Sunday, January 31, 2010
omg
odyssey's tomorrow.
nervousness.
wonder how wet zq and jar are feeling.
it's always like this.
the day before the event.
sweaty palms, beads of fine perspiration rolling down; containing;
"will it go well?"
met up with becks, keong and tongtong today for tongtong's 3-days-in-advance birthday lunch.
no presents were involved though.
soup spoon is just as delish as ever.
pineapple in clam chowder was weird.
plus chicken wrap with mushroom didn't go down too well with the girls O.o
good time of fellowship.
hey it's our ECHO. sans alphie and elaine.
but there's always time to catch up.
hopefully there's time to catch up.
hopefully.
it's scary how someone you know
could very well leave you soon.
someone you thought was in the greatest shape of his life;
someone you thought you'd never see ill;
someone who annoyed you greatly
but you still always smiled because only friends are
that idiotic.
like nish said.
why.
when you know he doesn't deserve it.
no one does.
go away cancer.
just go away.
you should really sleep now.i'm tired.
math does that to you.yeah i know.
go sleep.is orientation going to be balls-to-the-walls awesome?

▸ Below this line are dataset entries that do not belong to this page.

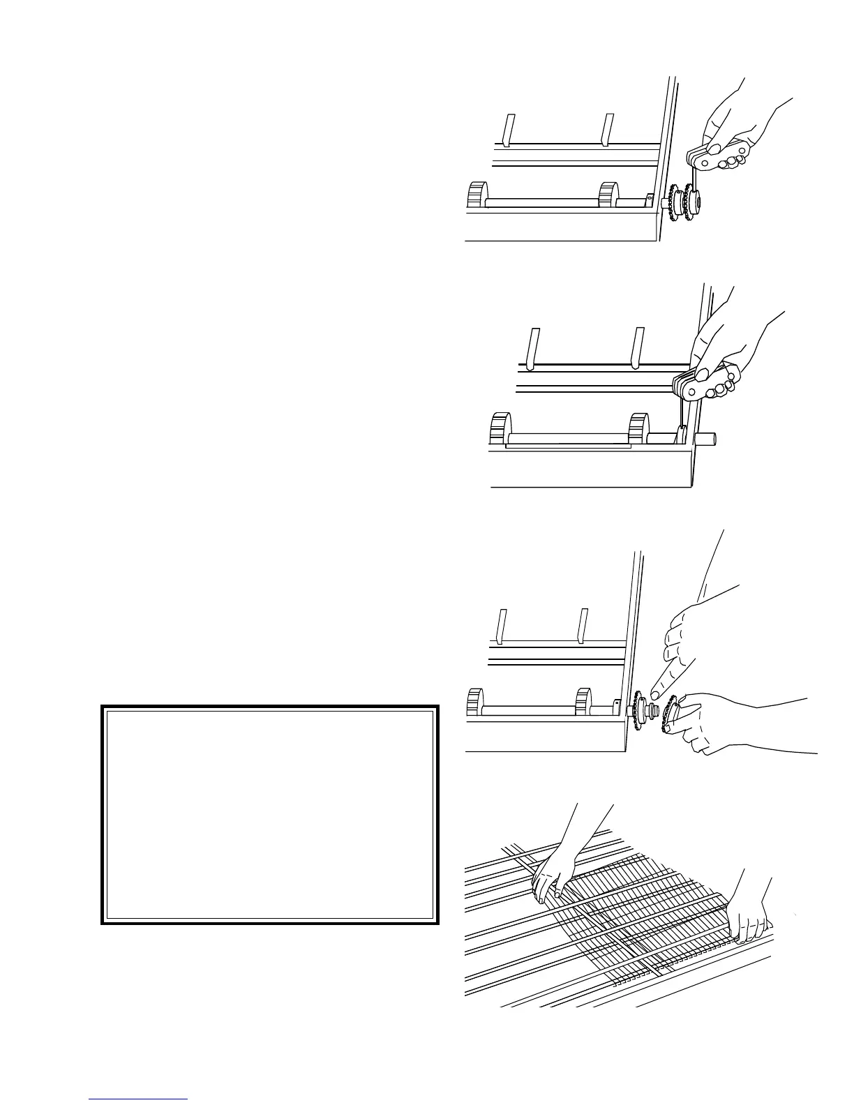 13. Slide rear conveyor drive sprocket onto shaft. Tighten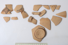 | Description: | From a skyphos. Brownish black on buff. ADDENDA 2018: Four sherds, mended into two, non-joining sections of a small deep bowl with flaring rim. No other features are preserved. The exterior decoration consists of a narrow lip-band and a fine line group running beneath the handles. In the handle zone, there is a single central lozenge with "pennons". The interior is decorated with a double lip-band. The paint is uniformly applied and evenly fired dark brown. There are no signs of use-wear or burning. ADDENDA 2020: Fifteen sherds, mended into five fragments and four non-joining (two body, one handle, one rim) sherds from a small deep bowl with flaring rim, a partially-preserved horizontal round handle, and a raised concave base. The exterior decoration consists of a narrow lip-band and a fine line group running beneath the handles, and a band on the exterior of the base. In the handle zone, on each side, there is a single centrally-placed lozenge with "pennons". The handles are tri-splashed. The interior is decorated with a double lip-band, and a medium band at the bottom of the bowl. The paint is uniformly applied and evenly fired light to dark brown. There are no signs of use-wear or burning. Wear on the interior occurs along the break edges and is presumably depositional. ADDENDA June 2022: 16 sherds total: one sherd added to frag. a, seven new added frags., c and e mended from two sherds, d from 3 sherds, the others four (f,g,h,i) are single fragments. Buff fabric with small sub-angular white rock fragments, and pale yellow to brown sub-rounded sedimentary rock fragments, small to medium irregular voids, and fine silver mica. Furumark Shape: 284; Furumark Motif 1: 73 | |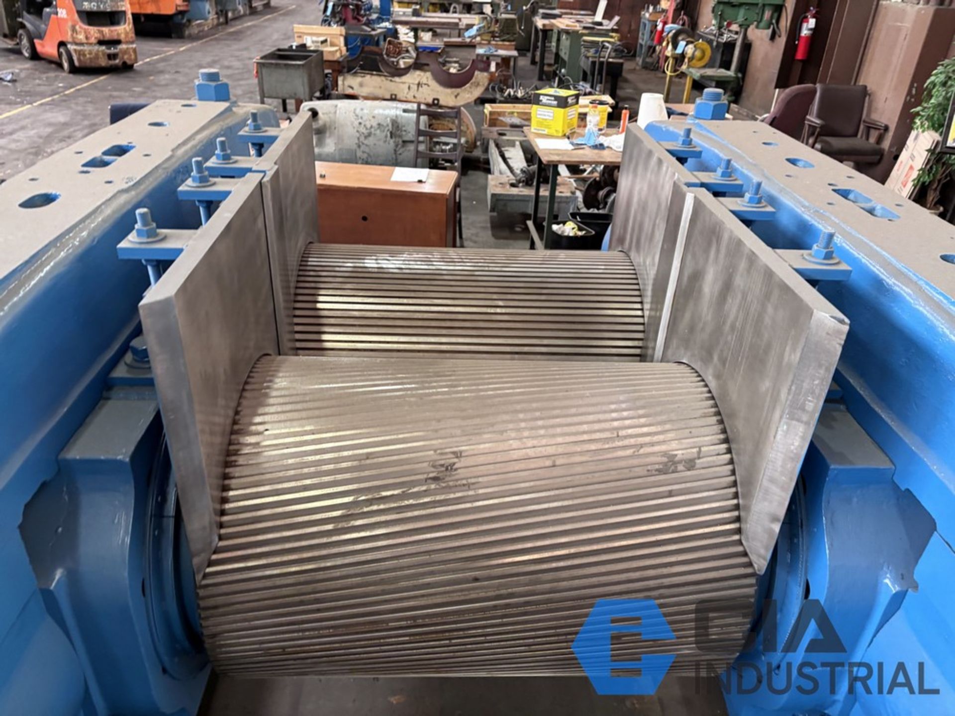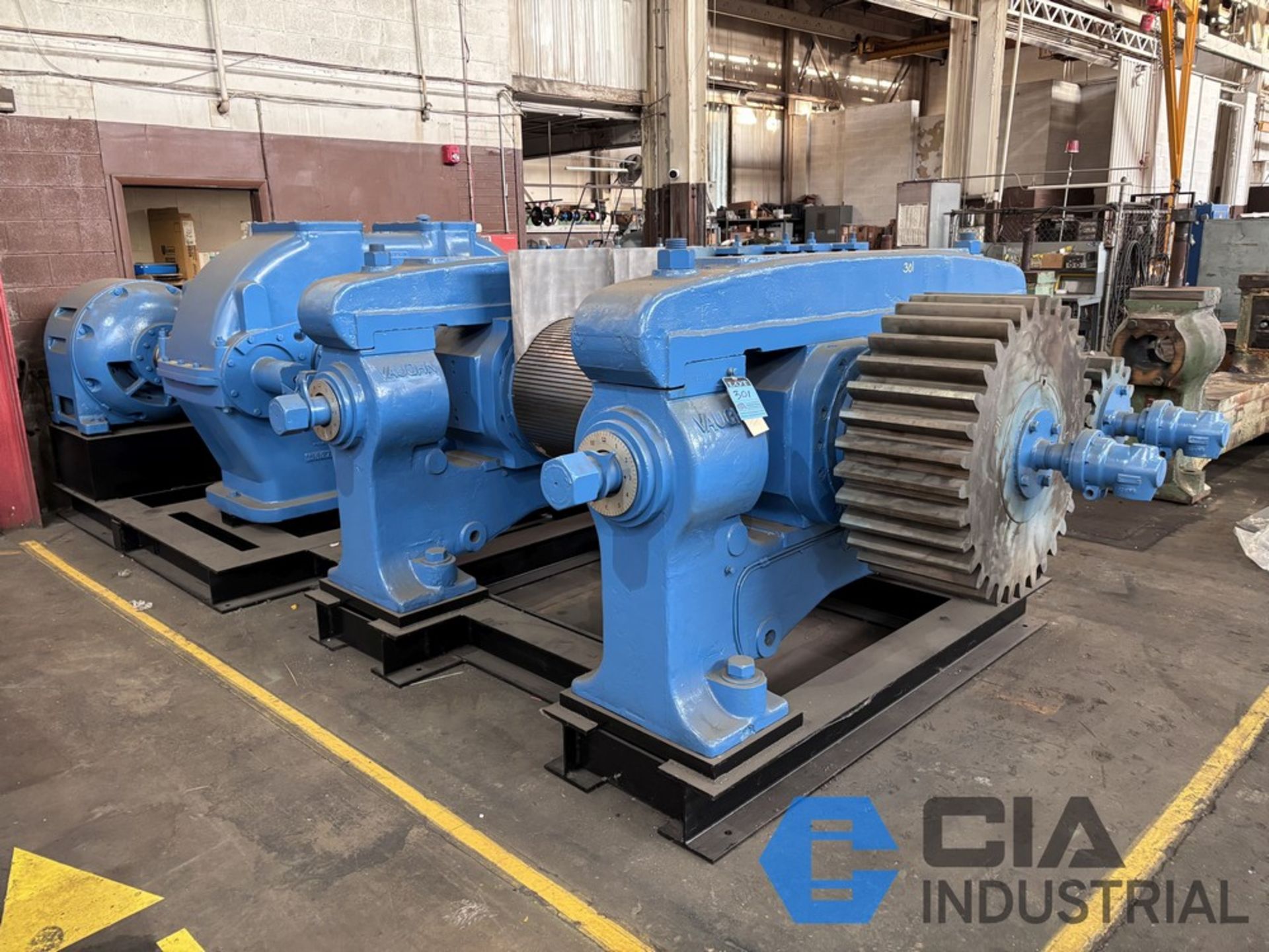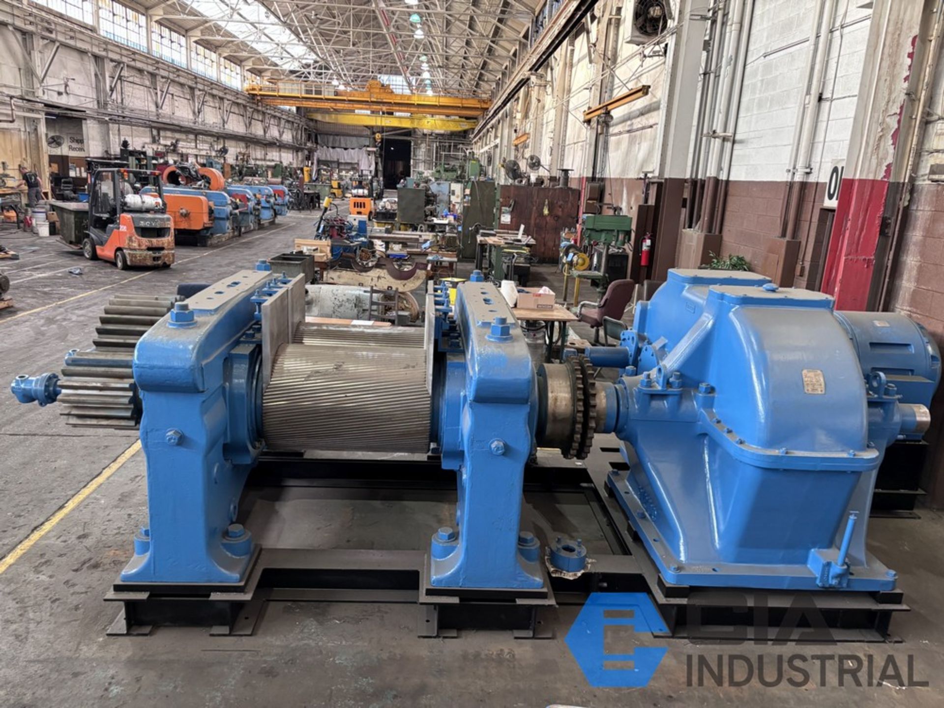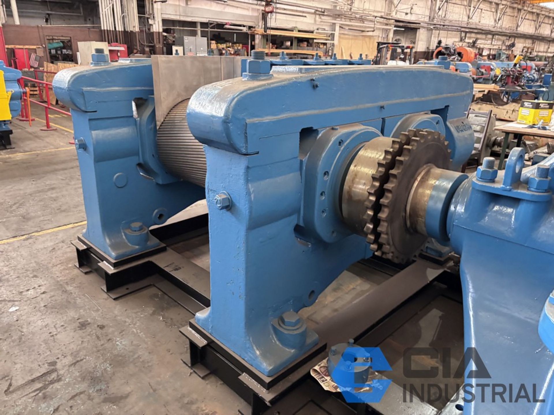 | Item 2159 - One (1) Vaughn 24" x 24” x 36”, 610mm x 915mm, 2-Roll Rubber Cracker Mill, Motor GE 250 HP 735 RPM 380 VAC, Gearbox Lufkin D912 28.72:1 reduction ratio direct drive gearbox, NEW rolls, NEW stock guides, NEW full circle bronze bushings, manual nip adjustment, top cap design, unitized base | ||||

damn straight.kay thanks good night.
good night....
and yes i get schizo sometimes.
Lino squeezed Panda at 10:47 PM
Saturday, January 30, 2010
hallo world. i'm in school.
no surprise there.
listening to Don't Go Away by Oasis. From Hadi.
hannah is surprisingly quiet. this is due to zhenqiang and i implementing a variable-tax system on her. think of it as income tax/utility tax: the louder she is, the more she pays. this is, after all, an improvement over the previous pseudo-imperialist society where we would have just banned her voice altogether
gah. came at 7.30. it's now 8.50. opac rehearsal has not started. i don't think it's going to start anytime soon. omg. hadi's uploading his blog next to me. the power of peer pressure.
...
and yes, i think oasis sounds quite nice.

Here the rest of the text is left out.